# Questions about hunting



## MrMoose (Mar 7, 2014)

Hello all, i am new to the boards and new to hunting. So if i make a mistake please let me know.
I am an avid shooter and have been for years, i have my hunter safety card also.
Anywho, i want to go Turkey hunting this season, and am really confused about the laws.
When i look at the DWR website about turkeys i see limited entry with a region and CWMU with narrow regions.
Does this mean that when the season opens we can only hunt in those areas listed? Or is it okay to go where ever its normally legal to shoot (not in cities, towns, always have permission for private lands, etc.)?
Thanks for the help.


----------



## johnnycake (Jul 19, 2011)

Welcome! First off, this is going to be my first year hunting turkeys too, so hopefully someone more seasoned chimes in. If you drew an LE tag (you would have had to specifically apply for a region or CWMU) then you can only hunt during the LE season within the boundaries of the unit. If you buy/bought a general season tag it is good anywhere in the state where you have access--except cwmu's. So open public lands, private land with landowner permission, national forest land, etc.
Good luck!


----------



## Wind In His Hair (Dec 31, 2009)

Hello and welcome! 

Basically, you have two turkey seasons here in Utah, limited entry (LE for short) or the general season.
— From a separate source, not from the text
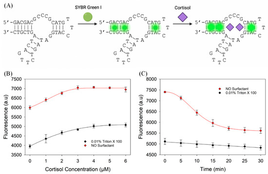 (A) The scheme of cortisol binding to its aptamer detected by SYBR Green I. Initially, the combination of SGI and aptamer produces weak fluorescence, and after the addition of cortisol, aptamer–cortisol binding results in enhanced fluorescence. (B) Titration curve of 1 µM CSS.1-42 with cortisol with and without Triton X-100. (C) Effect of Triton X-100 on signal stability of CSS.1-42 Apt-SGI-cortisol titration.

Limited entry season is before the general season, so those who apply for and draw a permit would have first crack at getting a turkey. You can apply for either a limited entry region, or a CWMU for the limited entry season. The CWMUs are smaller areas because those belong to private landowners that have an arrangement with the DWR to grant access to a limited number of hunters through the draw. If you draw one of those CWMU areas, they tell you when and how long you can hunt. The other limited entry areas can either be public lands, or private lands that you obtained permission yourself to hunt within that region. Also, the application period for limited entry hunts is in December, so the only option left for hunting turkey this year is to buy a general season permit. 

Like I mentioned earlier, the general turkey season takes place after the LE season. You can buy the permit over the counter and they are good statewide. Just remember to get written permission from the landowner if you plan on hunting private property. Hope that helps, and happy hunting!


----------